Given the following scenario:
| Addresses | ||
|---|---|---|
| name | group | city |
| Johnny | Friends | Cambridge |
| Kevin | Friends | Allston |
| Justin | Coworkers | Easton |
| Aya | Coworkers | North Andover |
| Josh | Family | Groton |
| Connie | Family | Easton |
In a database, that could be represented as such:
CREATE TABLE GroupNum (
groupId TINYINT UNSIGNED NOT NULL PRIMARY KEY AUTO_INCREMENT,
groupName VARCHAR(20)
) ENGINE=InnoDB DEFAULT CHARSET=utf8;
CREATE TABLE AddressNum (
firstName VARCHAR(20),
groupId TINYINT UNSIGNED NOT NULL,
city VARCHAR(20),
KEY (groupId),
FOREIGN KEY (groupId) REFERENCES GroupNum (groupId)
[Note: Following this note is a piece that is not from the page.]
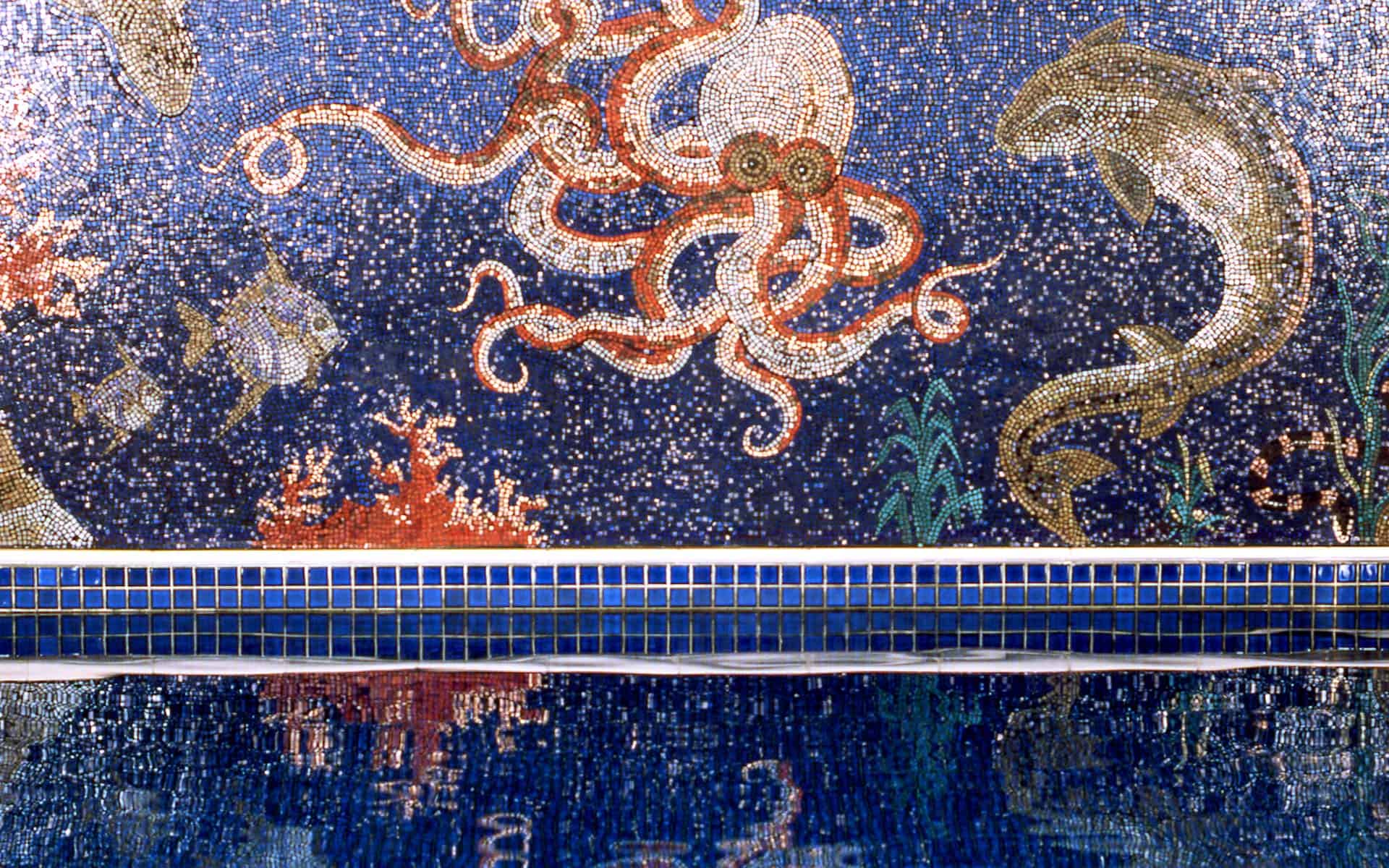We are specialists in the creation of complex mosaics. Using both direct and indirect application techniques, we can achieve high levels of precision and accuracy in creating complex patterns and aesthetic results. We often hand cut tesserae to size and shape to reach the best results, with flowing compositions quite different from those achieved using off-the-shelf square cut tiles.

) ENGINE=InnoDB DEFAULT CHARSET=utf8;
INSERT INTO GroupNum (groupName) VALUES ('Friends'),('Coworkers'),('Family');
INSERT INTO AddressNum (firstName,groupId,city) VALUES
('Johnny',1,'Cambridge'),
('Kevin',1,'Allston'),
('Justin',2,'Easton'),
('Aya',2,'North Andover'),
('Josh',3,'Groton'),
('Connie',3,'Easton');
SELECT firstName,groupName,city
FROM AddressNum INNER JOIN GroupNum USING (groupId);
firstName groupName city Johnny Friends Cambridge Kevin Friends Allston Justin Coworkers Easton Aya Coworkers North Andover Josh Family Groton Connie Family Easton
or, using descriptive foreign keys:
CREATE TABLE GroupText (
groupName VARCHAR(20) NOT NULL PRIMARY KEY
) ENGINE=InnoDB DEFAULT CHARSET=utf8;
CREATE TABLE AddressText (
firstName VARCHAR(20),
groupName VARCHAR(20) NOT NULL,
city VARCHAR(20),
KEY (groupName),
FOREIGN KEY (groupName) REFERENCES GroupText (groupName)
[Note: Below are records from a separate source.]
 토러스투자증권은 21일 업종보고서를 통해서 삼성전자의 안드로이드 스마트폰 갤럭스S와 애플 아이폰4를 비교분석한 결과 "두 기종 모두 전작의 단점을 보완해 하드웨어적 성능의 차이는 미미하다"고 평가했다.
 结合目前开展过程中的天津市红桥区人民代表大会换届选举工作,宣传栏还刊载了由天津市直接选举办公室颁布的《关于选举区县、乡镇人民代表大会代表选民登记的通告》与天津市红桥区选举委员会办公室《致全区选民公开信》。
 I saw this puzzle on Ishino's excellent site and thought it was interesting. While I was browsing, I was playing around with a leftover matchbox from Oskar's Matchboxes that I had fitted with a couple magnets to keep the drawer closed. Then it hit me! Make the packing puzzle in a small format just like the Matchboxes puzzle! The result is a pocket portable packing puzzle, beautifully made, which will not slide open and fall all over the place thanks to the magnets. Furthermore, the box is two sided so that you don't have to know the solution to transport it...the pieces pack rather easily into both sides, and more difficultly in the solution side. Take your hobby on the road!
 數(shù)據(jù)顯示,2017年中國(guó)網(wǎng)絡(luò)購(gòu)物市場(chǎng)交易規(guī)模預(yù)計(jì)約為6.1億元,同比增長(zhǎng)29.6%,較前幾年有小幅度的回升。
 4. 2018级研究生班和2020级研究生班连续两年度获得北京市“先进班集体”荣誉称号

) ENGINE=InnoDB DEFAULT CHARSET=utf8;
INSERT INTO GroupText (groupName) VALUES ('Friends'),('Coworkers'),('Family');
INSERT INTO AddressText (firstName,groupName,city) VALUES
('Johnny','Friends','Cambridge'),
('Kevin','Friends','Allston'),
('Justin','Coworkers','Easton'),
('Aya','Coworkers','North Andover'),
('Josh','Family','Groton'),
('Connie','Family','Easton');
SELECT firstName,groupName,city
FROM AddressText;
firstName groupName city Johnny Friends Cambridge Kevin Friends Allston Justin Coworkers Easton Aya Coworkers North Andover Josh Family Groton Connie Family Easton
So what are the pros and cons of using descriptive foreign keys, as opposed to surrogate keys?
Con:
1) An auto-increment surrogate key (a number) is referenced faster than strings, so INSERTS will be slightly slower.
2) Data redundancy. Foreign keys need to be updated (and/or deleted) whenever the data is updated.
Pro:
1) Using a surrogate key means that to get user-readable data (ie, the text) a JOIN must be made. Using a descriptive foreign key, no JOIN needs to be made to get user-readable data. This includes reading with SELECTs and when INSERTing or modifying data. For example, to insert into AddressNum the groupId is needed.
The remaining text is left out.